**Work request:**
Wherever a picture appears in the listing below, leave it out and reproduce the rest exactly.

**Data extract:**
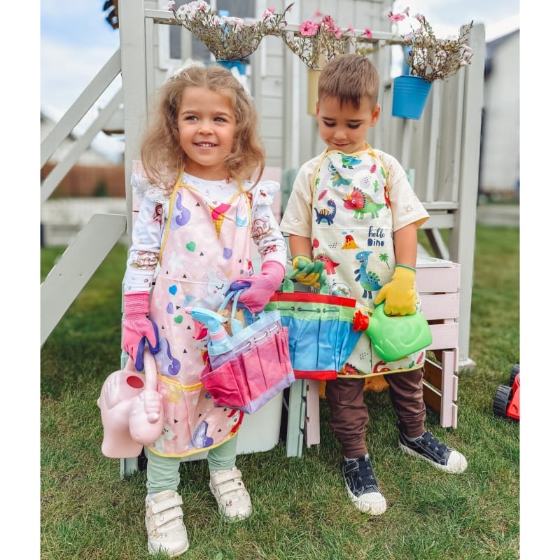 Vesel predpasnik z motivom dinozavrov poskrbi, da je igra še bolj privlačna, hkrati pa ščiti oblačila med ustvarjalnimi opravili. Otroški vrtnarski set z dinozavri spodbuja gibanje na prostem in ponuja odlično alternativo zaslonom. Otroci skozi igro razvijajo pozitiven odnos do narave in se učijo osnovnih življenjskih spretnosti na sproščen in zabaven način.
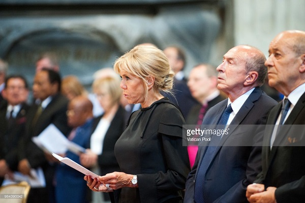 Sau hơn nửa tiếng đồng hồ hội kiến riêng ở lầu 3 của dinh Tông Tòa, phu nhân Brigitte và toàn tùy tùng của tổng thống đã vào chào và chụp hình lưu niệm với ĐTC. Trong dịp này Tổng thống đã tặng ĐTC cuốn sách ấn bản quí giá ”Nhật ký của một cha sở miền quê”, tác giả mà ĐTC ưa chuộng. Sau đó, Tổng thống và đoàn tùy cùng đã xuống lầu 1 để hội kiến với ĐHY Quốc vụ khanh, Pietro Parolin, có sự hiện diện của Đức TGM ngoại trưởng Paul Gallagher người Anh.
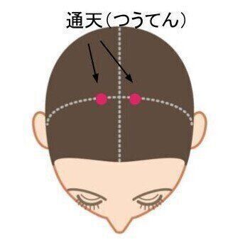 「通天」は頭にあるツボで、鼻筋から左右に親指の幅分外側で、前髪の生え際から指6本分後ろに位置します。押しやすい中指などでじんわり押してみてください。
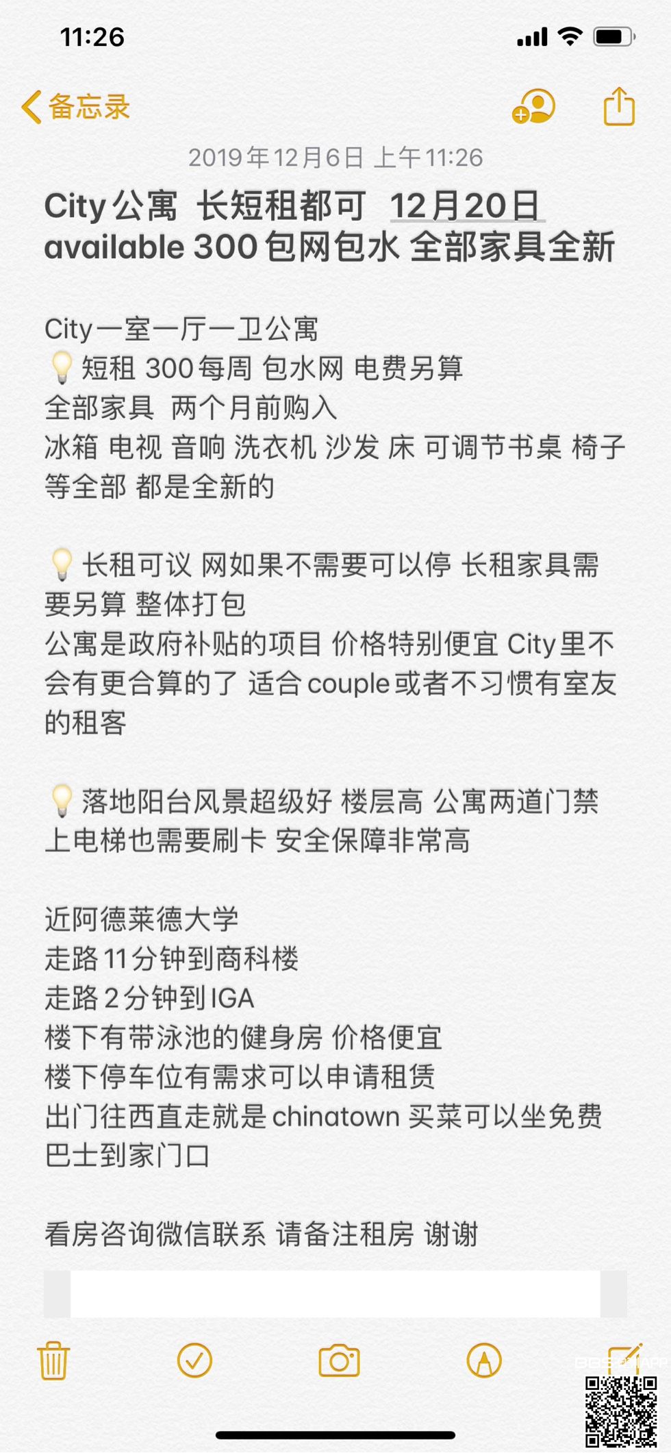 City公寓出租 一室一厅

**Your response:**
 Vesel predpasnik z motivom dinozavrov poskrbi, da je igra še bolj privlačna, hkrati pa ščiti oblačila med ustvarjalnimi opravili. Otroški vrtnarski set z dinozavri spodbuja gibanje na prostem in ponuja odlično alternativo zaslonom. Otroci skozi igro razvijajo pozitiven odnos do narave in se učijo osnovnih življenjskih spretnosti na sproščen in zabaven način.
 Sau hơn nửa tiếng đồng hồ hội kiến riêng ở lầu 3 của dinh Tông Tòa, phu nhân Brigitte và toàn tùy tùng của tổng thống đã vào chào và chụp hình lưu niệm với ĐTC. Trong dịp này Tổng thống đã tặng ĐTC cuốn sách ấn bản quí giá ”Nhật ký của một cha sở miền quê”, tác giả mà ĐTC ưa chuộng. Sau đó, Tổng thống và đoàn tùy cùng đã xuống lầu 1 để hội kiến với ĐHY Quốc vụ khanh, Pietro Parolin, có sự hiện diện của Đức TGM ngoại trưởng Paul Gallagher người Anh.
 「通天」は頭にあるツボで、鼻筋から左右に親指の幅分外側で、前髪の生え際から指6本分後ろに位置します。押しやすい中指などでじんわり押してみてください。
 City公寓出租 一室一厅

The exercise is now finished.